Ben pencereden dışarıyı, usul usul yağan karı izliyorum. O ise beni. Kaç saat, kaç gün, kaç haftadır sürüyor bu an, bilmiyorum.
Neden yazmıyorsun artık? diye soruyor.
Yağan karı izliyorum, bu yazmaktan daha güzel, diyorum.
Doğrusu bu ya, artık yazamıyorum. Yazabilmem için biraz mutsuzluk, bir tutam aşk acısı, bir dal hayâl kırıklığı ve hayata dair bolca güvensizlik gerekiyordu ve ben artık bunların hiç birine sahip değilim. Onunlayken mutluyum. Ve çoğu yazar gibi, mutluyken yazamıyorum..
Usulca yanıma sokuluyor, başını kucağıma, ısrarla ellerimin avucuna sürtüyor. Sıcacık bir baş, kavisli yeşil gözler.. Hayır tam yeşil de değil, içinde sarı başakların oynaştığı, düşünceliyken gri, neşeliyken mavi, endişeliyken elâya dönen gözler..
Yıllar boyunca beni hep yazı masasında gördü. İşaret parmaklarımın arasında tuttuğum, bazen çenemle alt dudağım arasındaki o çukura dayadığım - ve bundan tuhaf bir zevk aldığım - sayısız kalemimi inceledi. Bazen pencereden dışarı bakışımı izledi.

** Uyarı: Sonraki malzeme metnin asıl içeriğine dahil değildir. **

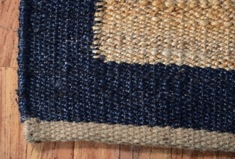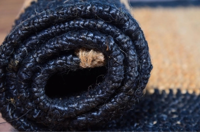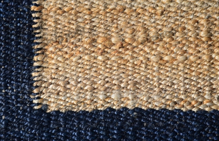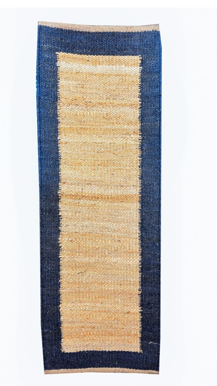Elevate narrow spaces with this elegant handwoven jute and wool runner rug, featuring a warm natural center beautifully framed by a bold navy blue border. Designed for hallways, entryways, or transitional areas, this runner blends rustic charm with modern sophistication.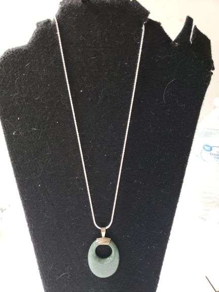 LOT 2083 - Sterling Silver Necklace & Pendant W/modernist Jade Chunk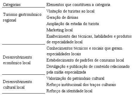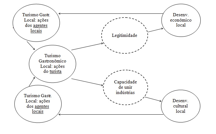Como contribuição teórica ainda, o estudo traz a ideia de que as relações entre o turismo gastronômico e o desenvolvimento regional não são unidimensionais. Evidencia-se que se trata de uma relação que é mais bem vista em uma perspectiva sistêmica na qual ela se retroalimenta, isto é, não se pode dizer simplificadamente que há uma relação do turismo gastronômico com o desenvolvimento local, tal como muitos autores já identificaram anteriormente, mas que esse mesmo desenvolvimento leva também ao reforço do turismo gastronômico local. Quanto mais o negócio se desenvolve em termos econômicos e culturais, mais a iniciativa em estruturar um turismo gastronômico se reforça.

Perdelerimin tülünü, antika ceviz masamın oyuklarını, yorulduğumda ya da yazar kabızlığı denen illete tutulduğumda uzandığım küf yeşili kanepenin kadifesini dahi tüm ayrıntılarıyla ezberledi. Yazarken yüzüm hep cama dönük olurdu. Sırtım ona.
Evet, bana arkanı dönerek otururdun.. Sırtının hafif kambura çalan kavisini, upuzun ince kemikli ellerini izlerdim. Sadece dışını değil, bir süredir içini de.. Fırtınalarını, kasırgalarını, dalgalarının durulmasını, güneşin pırıl pırıl parlamasını, gecelere vuran yakamozlarını hepsini birbirinden ayırdedebilirdim. Gelip kucağına kıvrılabilir, başımı göğsüne koyup kalp atışlarımız eşitlenen dek seninle oturabilirdim. Ama ben sadece izlemeyi seçtim. Sen yazarken, arkanda oturup seni izlemeyi. Çünkü, yeterdi..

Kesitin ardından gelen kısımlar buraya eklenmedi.